Hey folks.
As James noted, Wiki Education Foundation is planning to do some work on this problem. I'll the project manager for it, and I'll be grateful for all the help and advice I can get. I'm in the process now of finding a development company to work with.
Our current plan is to complete a "feasibility study" by February 2014. Basically, that means doing enough exploratory development to get a clear picture of just how big a project it will be. The first goal would be to scratch our own itch: to set up a system that checks all edits made by student editors in our courses, and which highlights apparently plagiarism on a course dashboard (on wikiedu.org) and alerts the instructor and/or the student via email. However, if we can do that, it should provide a good starting point for scaling up to all of Wikipedia.
I think Jane is right to highlight the workflow problem. That's also a workflow that would be very different for a Wikipedia-wide system versus what I describe above, where we're working with editors in a specific context (course assignments) and we can communicate with them offwiki. My first idea would be something that notifies the responsible editors directly so that they can fix the problems themselves, rather than one that requires "field workers" to sift through the positives to clean up after others. The point would be to catch problems early, so that users correct their own behavior before they've done the same thing over and over again.
Nathan, finding answers to some of those questions will be part of the feasibility study. One of the key goals Wiki Ed has for this is to minimize false positives, so it we'll want to spend some time experimenting with what kinds of edits we can reliably detect as true positives. It may be that only edits of a certain size are worth checking, or only blocks of text that don't rewrite existing content. Regarding term papers, it might be a little confusing to refer to "Turnitin", as the working plan has been to use a different service from the same company, called iThenticate. This one is different from Turnitin in that it's more focused on checking content against published sources (on the web and in academic databases) and it doesn't include the database of previously-submitted papers like Turnitin.
Andrew: when we get closer to breaking ground, I'd love to talk it over with you.
Sage Ross
User:Sage (Wiki Ed) / User:Ragesoss Product Manager, Digital Services Wiki Education Foundation
On Mon, Jul 21, 2014 at 11:17 AM, Jane Darnell jane023@gmail.com wrote:
It's been a while, but as I recall, my problem with the Corenbot is the text that was inserted on the page (some loud banner with a link to the original text on some website, which was often not at all related to the matter at hand). My confusion was the instructional text in the link, and I wasn't sure if I should leave it or delete it (ah those were the days back when I thought my submissions were thoughtfully read the moment I pressed publish!). The problem with implementation of this sort of idea is that you need a bunch of field workers to sift through all of the positives, so you are sure you are not needlessly confusing some newbie somewhere.
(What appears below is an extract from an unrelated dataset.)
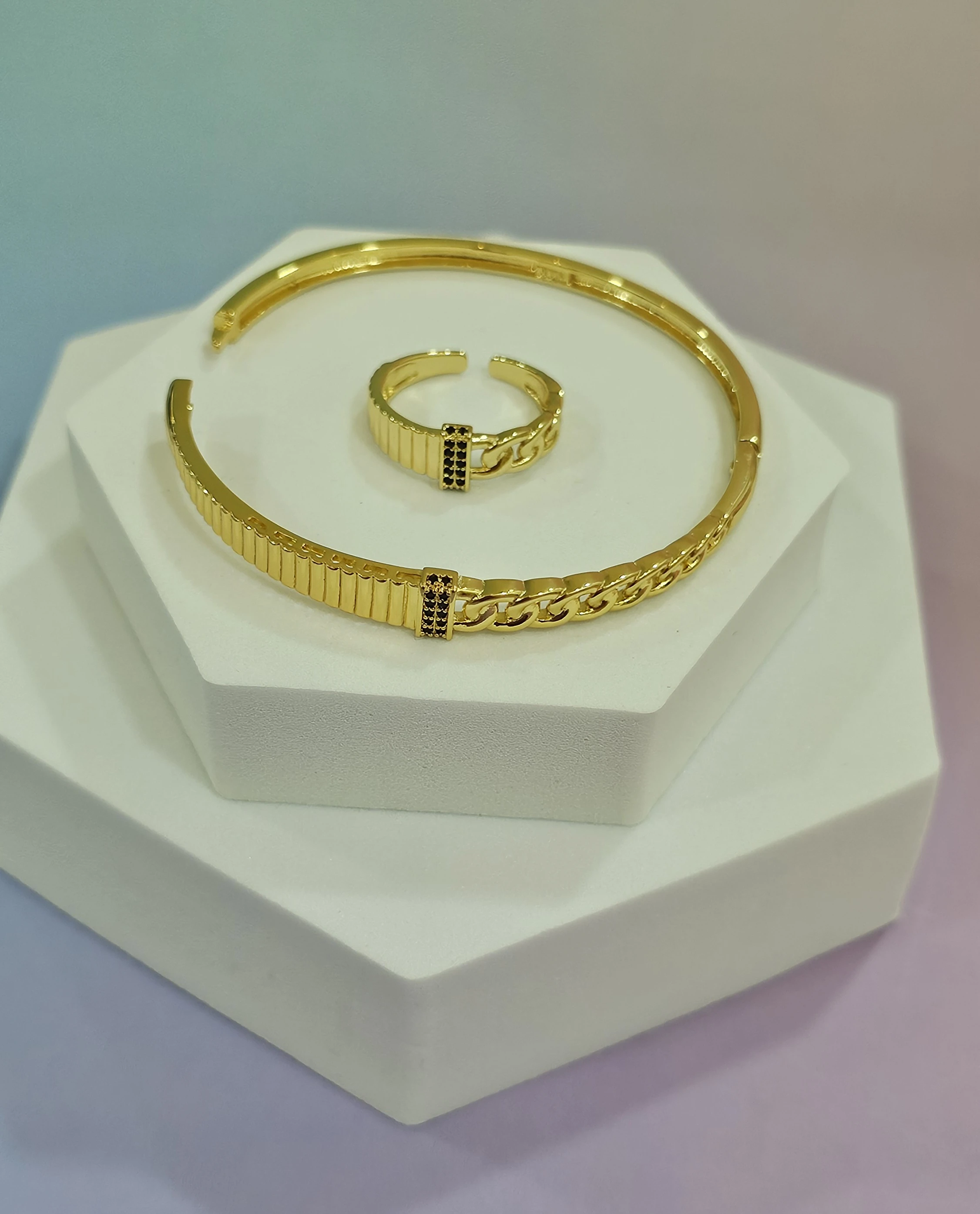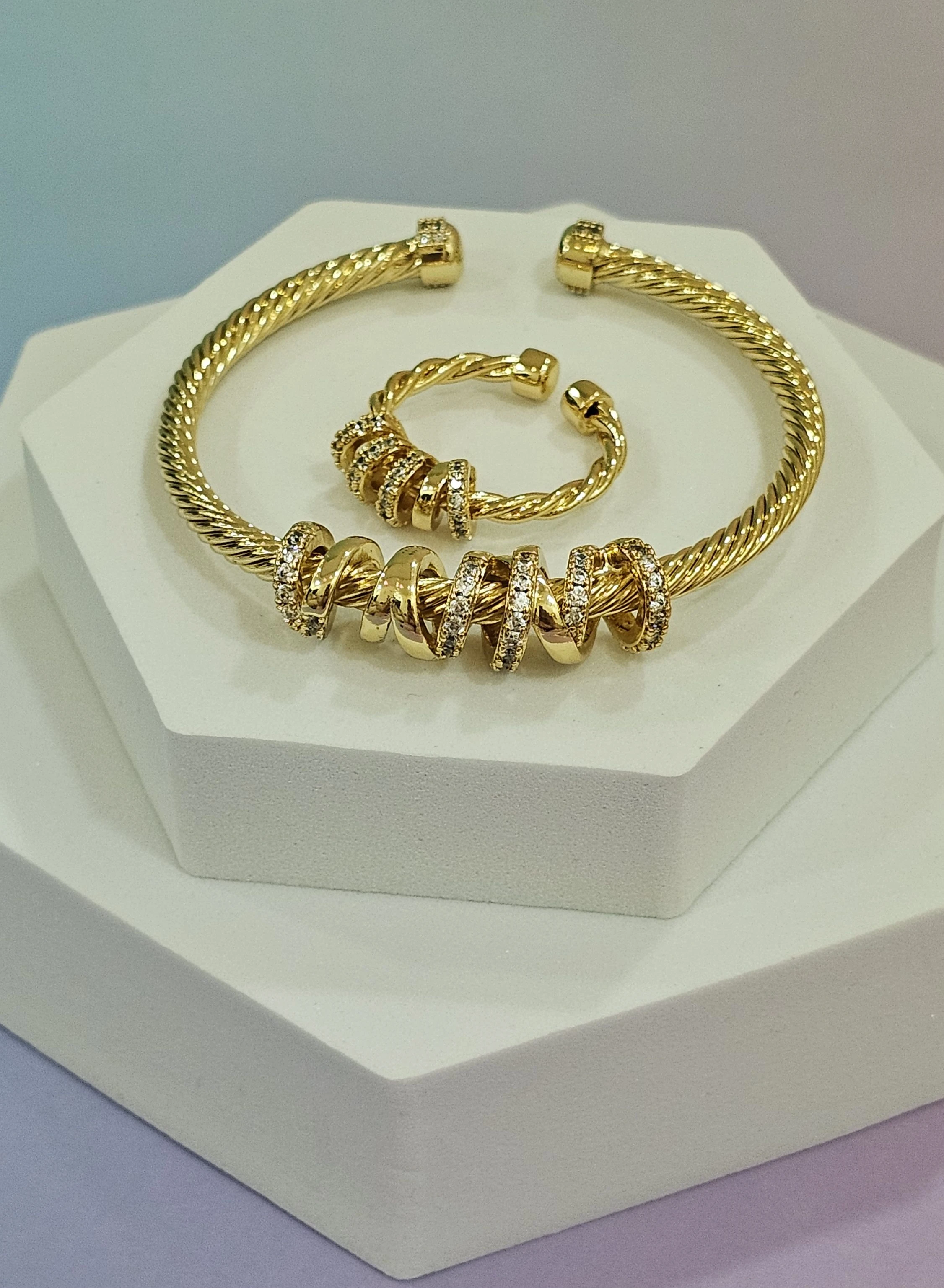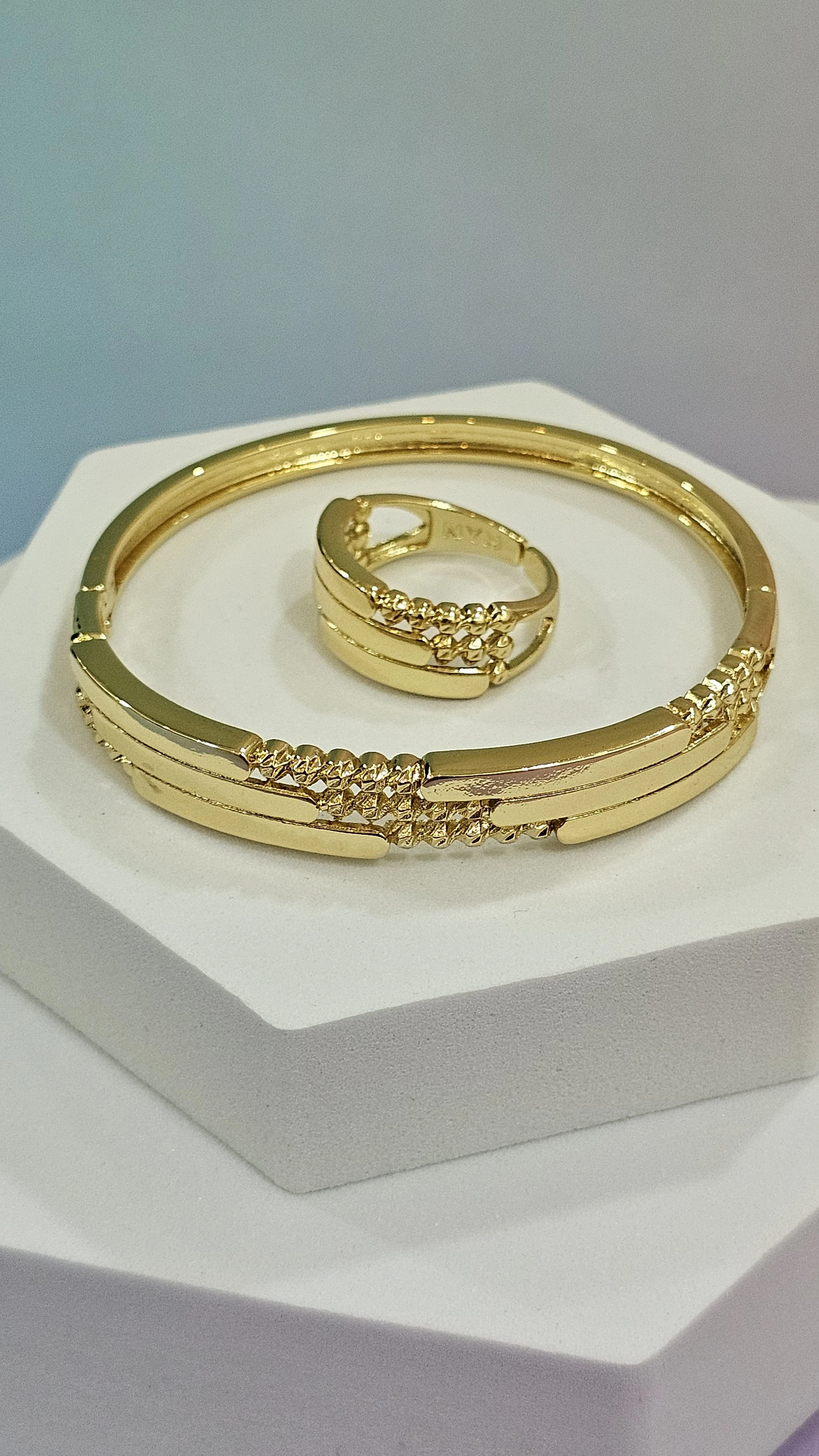 طقم اكسسوار ذهبي خاتم واسواره

The bot is one thing, the workflow is something else entirely.
On Mon, Jul 21, 2014 at 4:29 PM, Nathan nawrich@gmail.com wrote:
On Mon, Jul 21, 2014 at 9:52 AM, Andrew G. West west.andrew.g@gmail.com wrote:
Having dabbled in this initiative a couple years back when it first started to gain some traction, I'll make some comments.
Yes, CorenSearchBot (CSB) did/does(?) operate in this space. It basically searched took the title of a new article, searched for that term via the Yahoo! Search API, and looked for nearly-exact text matches among the first results (using an edit distance metric).
Through the hard work of Jake Orlowitz and others we got free access to the TurnItIn API (academic plagiarism detection). Their tool is much more sophisticated in terms of text matching and has access to material behind many pay-walls.
In terms of Jane's concern, we are (rather, "we imagine being") primarily limited to finding violations originating at new article creation or massive text insertions, because content already on WP has been scraped and re-copied so many times.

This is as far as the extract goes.